**INSTRUCTIONS TO FOLLOW**:
Please copy, exactly and with no pictures, only the lines from the one containing "Super soft organic" through the last line of the records.

**DATA EXCERPTS**:
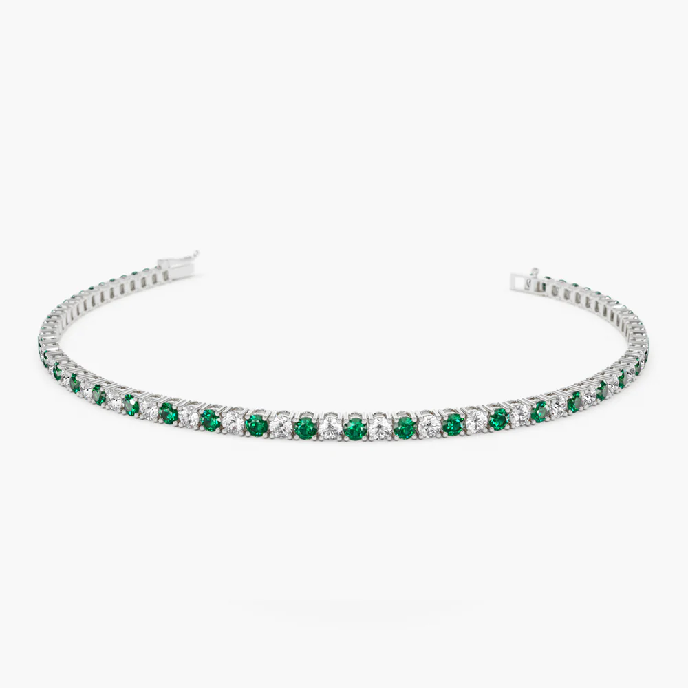 14K Solid Gold Prong Setting Diamond and Emerald Tennis Bracelet
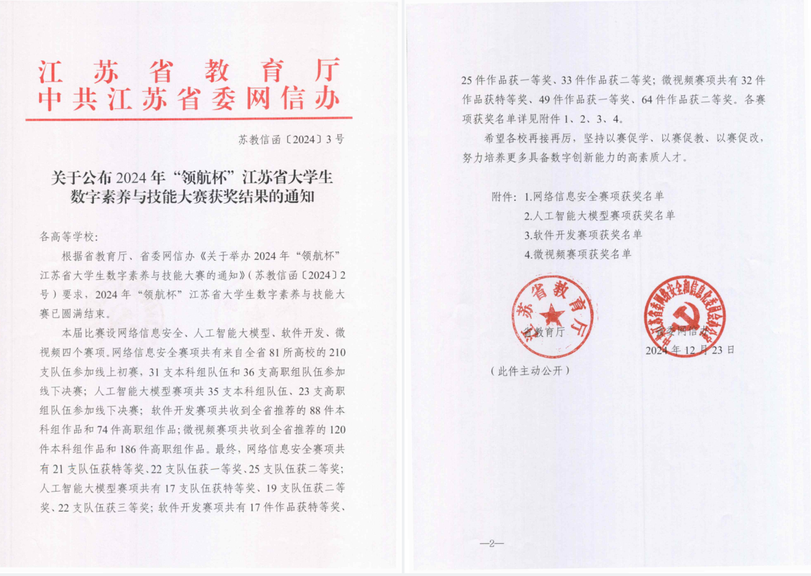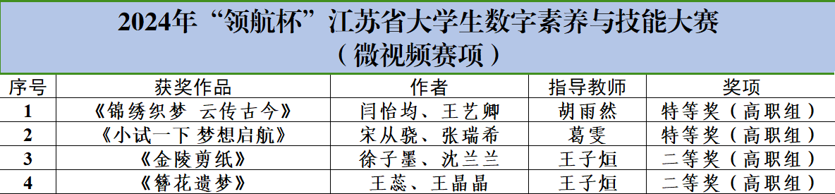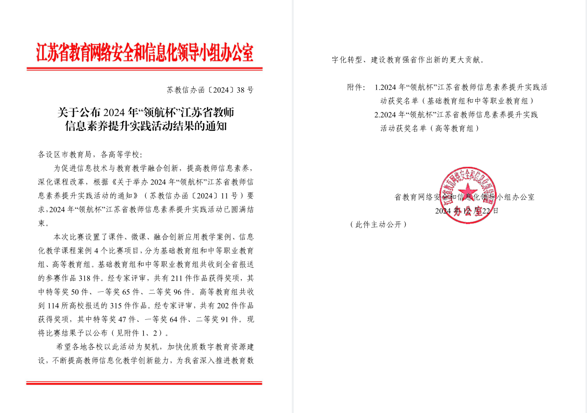近日,2024“领航杯”江苏省教育信息化应用能力大赛比赛结果公布,我院师生在比赛中取得新突破,荣获特等奖2项、二等奖3项,其中大学生数字素养与技能大赛中,闫怡均、王艺卿与宋从骁、张瑞希两个学生团队获特等奖,徐子墨、沈兰兰与王蕊、王晶晶两个学生团队获二等奖;在教师信息素养提升实践活动比赛中我院傅蕴男老师的微课作品荣获二等奖。
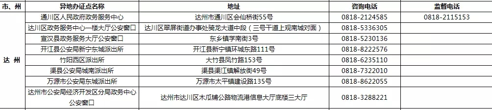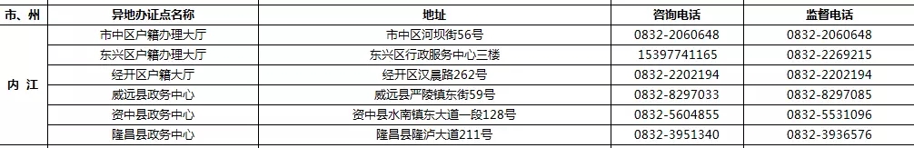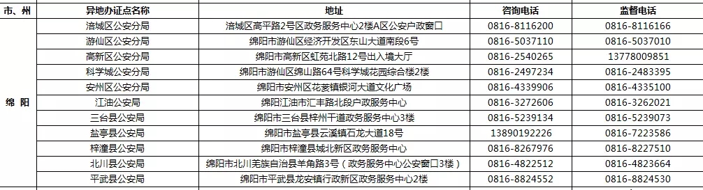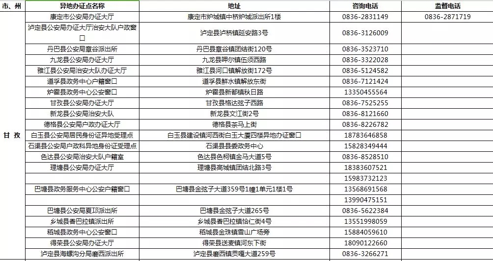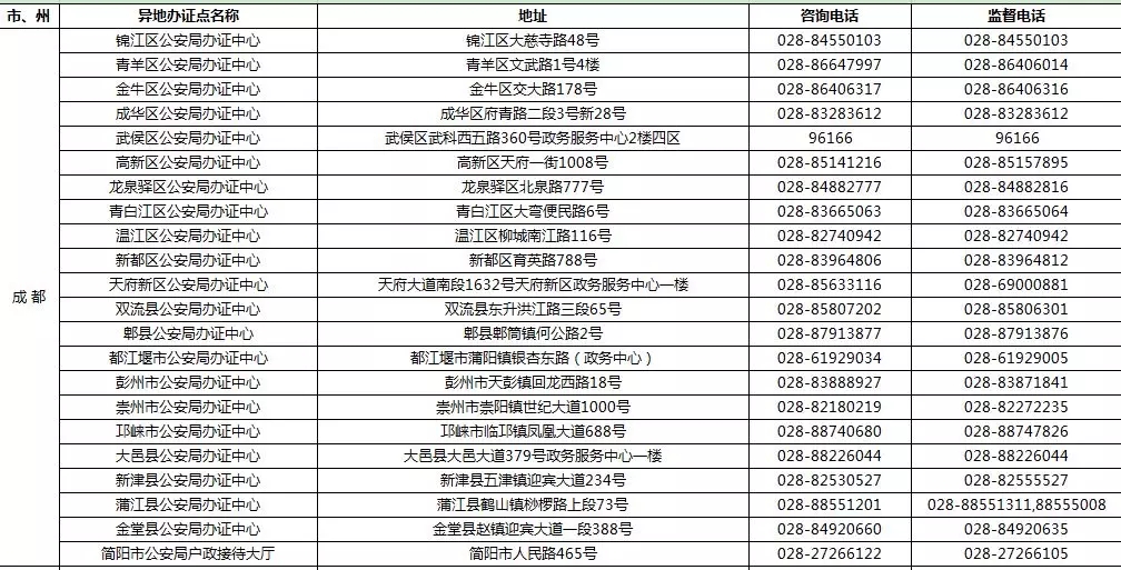 四川省港澳台居民居住证受理点名称、地址,咨询及监督电话:
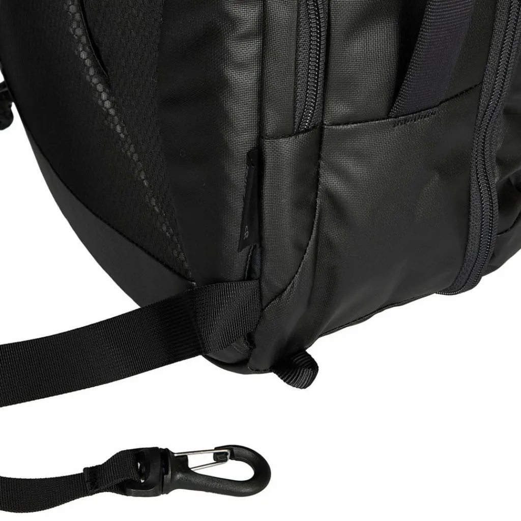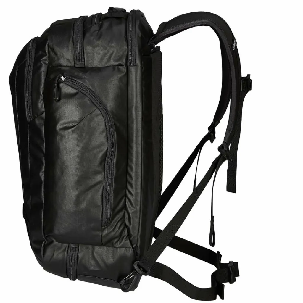 Das mit Carbonat beschichtete Nylon-Hauptmaterial ist stark wasserabweisend und sehr abriebfest und schafft es gleichzeitig, vergleichsweise leicht zu sein. Schmutz und Wasser machen dem Kofferrucksack daher wenig aus, ebenso wie grobes Handling am Flughafen. Die Außen- und Innenmaterialien sind zu 100 % recycelt und das Produkt ist bluesign-zertifiziert.
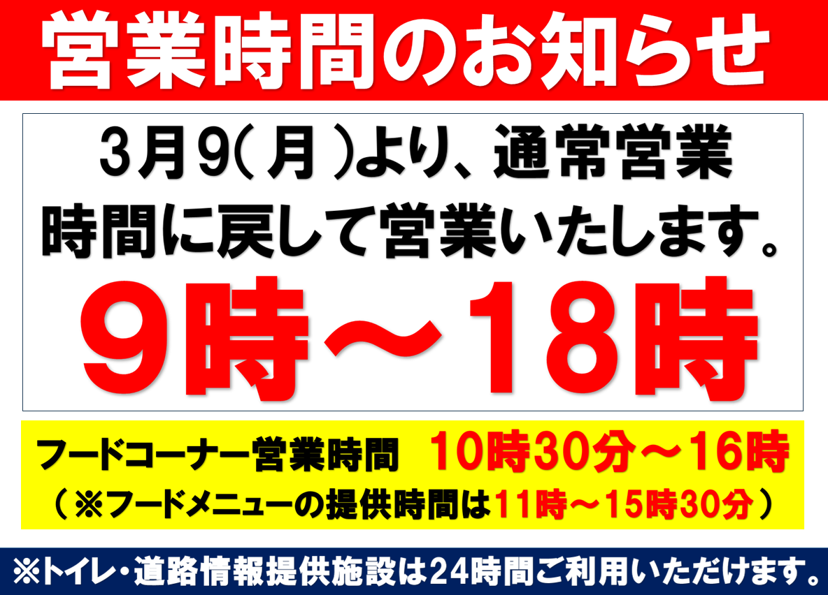 ※3/8(日)まで冬期間短縮営業(9:30~17:00)となっておりました。期間中にご利用のお客様にはご不便をおかけいたしました。
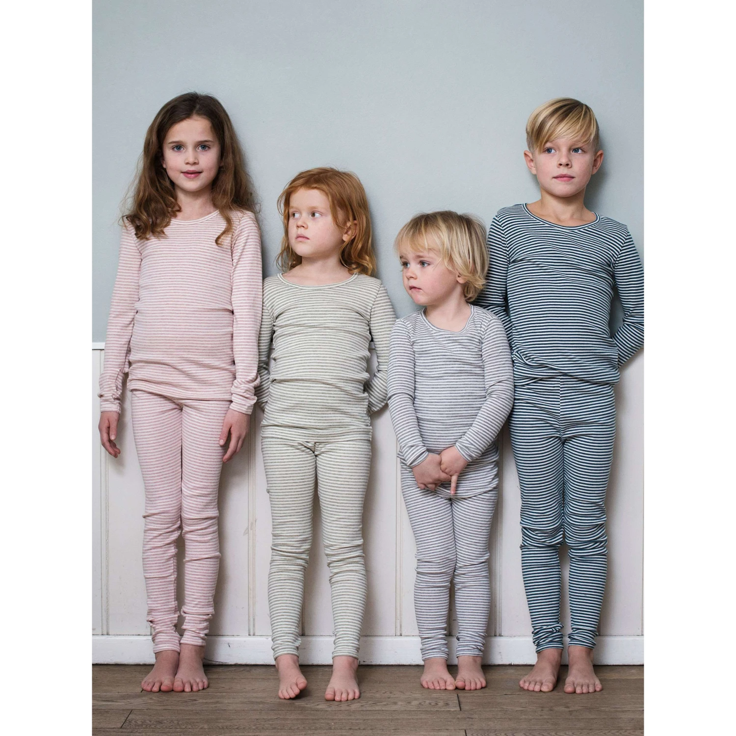 Super soft organic cotton leggings in a unisex atlantic blue and off white stripe. These leggings are perfect for wearing alone, layering or sleeping in.
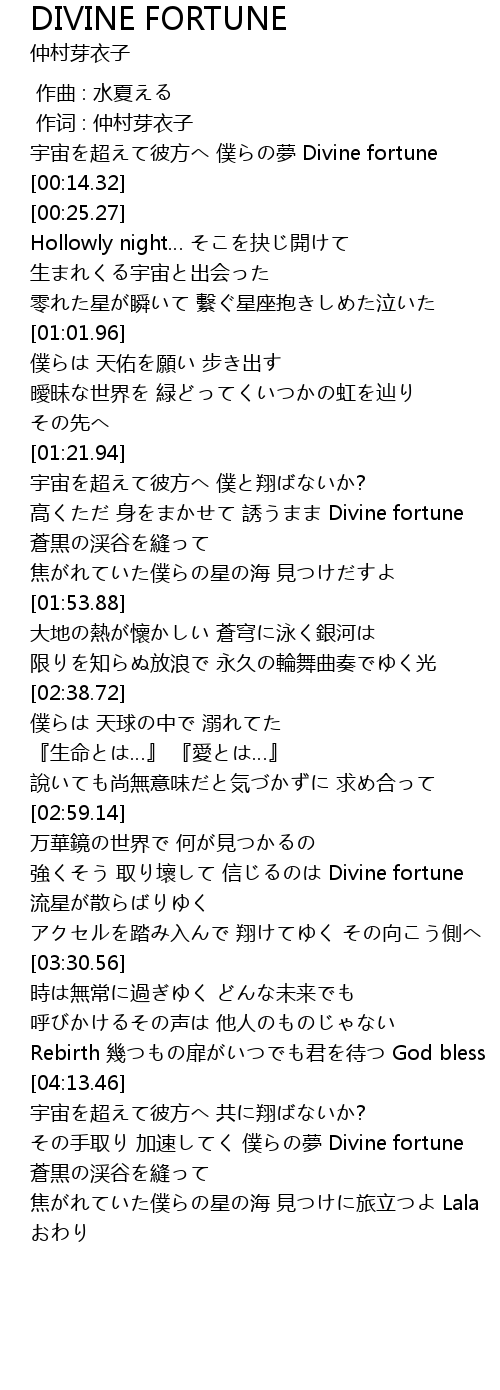 | [00:01.90] | 宇宙を超えて彼方へ 僕らの夢 Divine fortune |
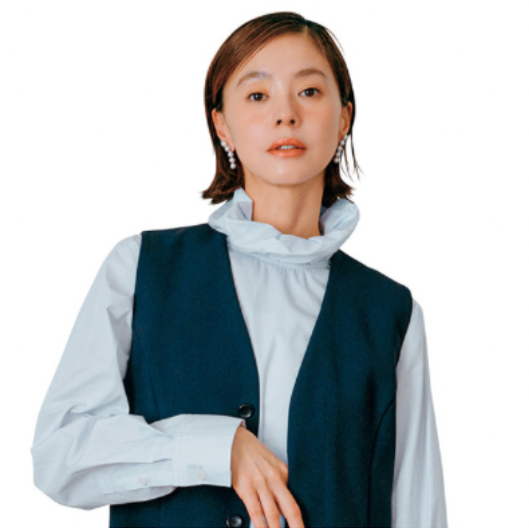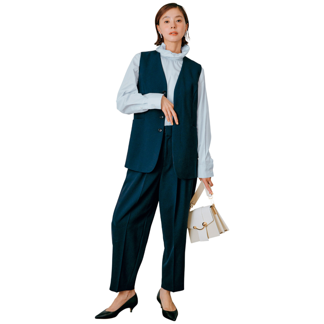 前髪を七三分けにすると、甘ブラウスのコーディネートもモードにキマります。ジレとパンツはミースロエ、ブラウスはクラネ、バッグはストラスベリー、パンプスはネブローニ。
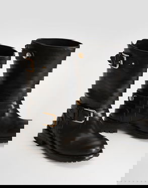 Rubber and calfskin ankle boots: Black Bernini shape TPU outsole Leather insole Latex fussbett insole wrapped in leather customized with label Customization with DG crossed logo Ruthenium plating Item equipped with black Cotton bag and black embossed box Made in Italy
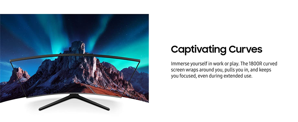 - CAPTIVATING CURVES: Immerse yourself in work or play; The 1800R curved screen wraps around you, pulls you in, and keeps you focused, even during extended use
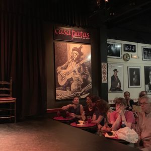とりあえずバルセロナ来たから見とくかみたいなノリでツアーに参加したら本場の熱気とフラメンコや演奏の凄さに圧倒されました。ドリンク付きで勝手にサングリアでしたが(笑) 飲む暇がない程ステージに見入ってました。時間にして1時間ちょっとあったかと思います。始まる前に外で少し待たされますが、早めに行ってお店の前に並んだら横からでしたが最前列の席でした。
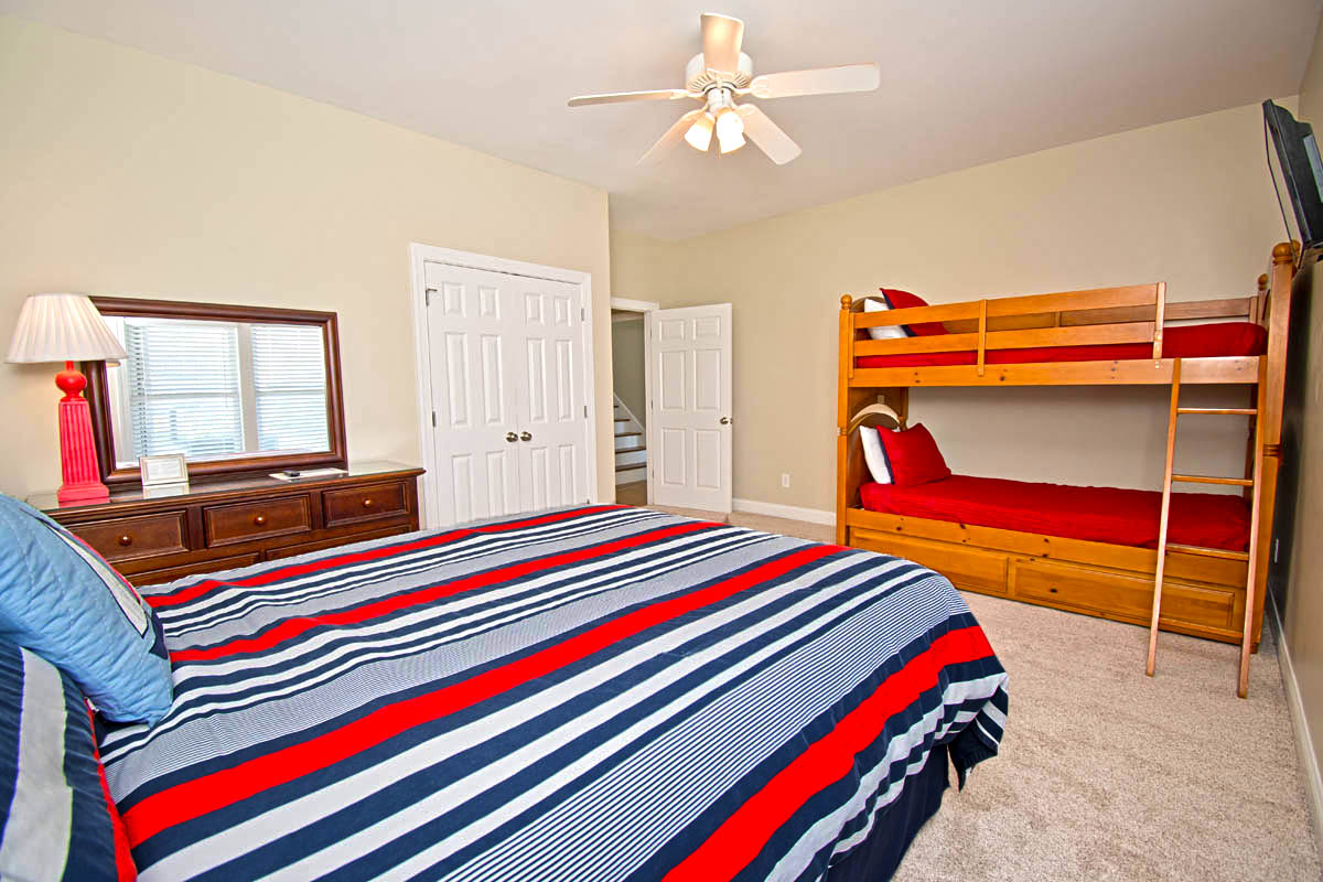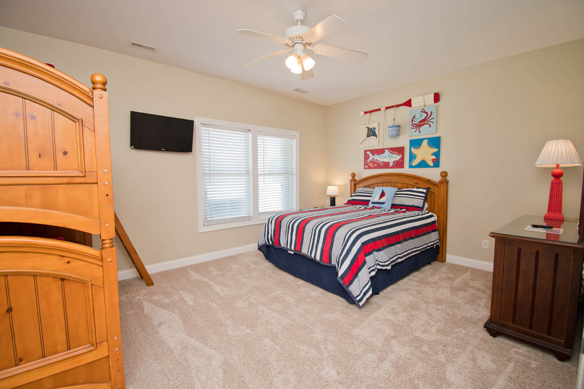 -Bedroom #2: two twin bunk sets, one with trundle, TV

**RESULT**:
 Super soft organic cotton leggings in a unisex atlantic blue and off white stripe. These leggings are perfect for wearing alone, layering or sleeping in.
 | [00:01.90] | 宇宙を超えて彼方へ 僕らの夢 Divine fortune |
 前髪を七三分けにすると、甘ブラウスのコーディネートもモードにキマります。ジレとパンツはミースロエ、ブラウスはクラネ、バッグはストラスベリー、パンプスはネブローニ。
 Rubber and calfskin ankle boots: Black Bernini shape TPU outsole Leather insole Latex fussbett insole wrapped in leather customized with label Customization with DG crossed logo Ruthenium plating Item equipped with black Cotton bag and black embossed box Made in Italy
 - CAPTIVATING CURVES: Immerse yourself in work or play; The 1800R curved screen wraps around you, pulls you in, and keeps you focused, even during extended use
とりあえずバルセロナ来たから見とくかみたいなノリでツアーに参加したら本場の熱気とフラメンコや演奏の凄さに圧倒されました。ドリンク付きで勝手にサングリアでしたが(笑) 飲む暇がない程ステージに見入ってました。時間にして1時間ちょっとあったかと思います。始まる前に外で少し待たされますが、早めに行ってお店の前に並んだら横からでしたが最前列の席でした。
 -Bedroom #2: two twin bunk sets, one with trundle, TV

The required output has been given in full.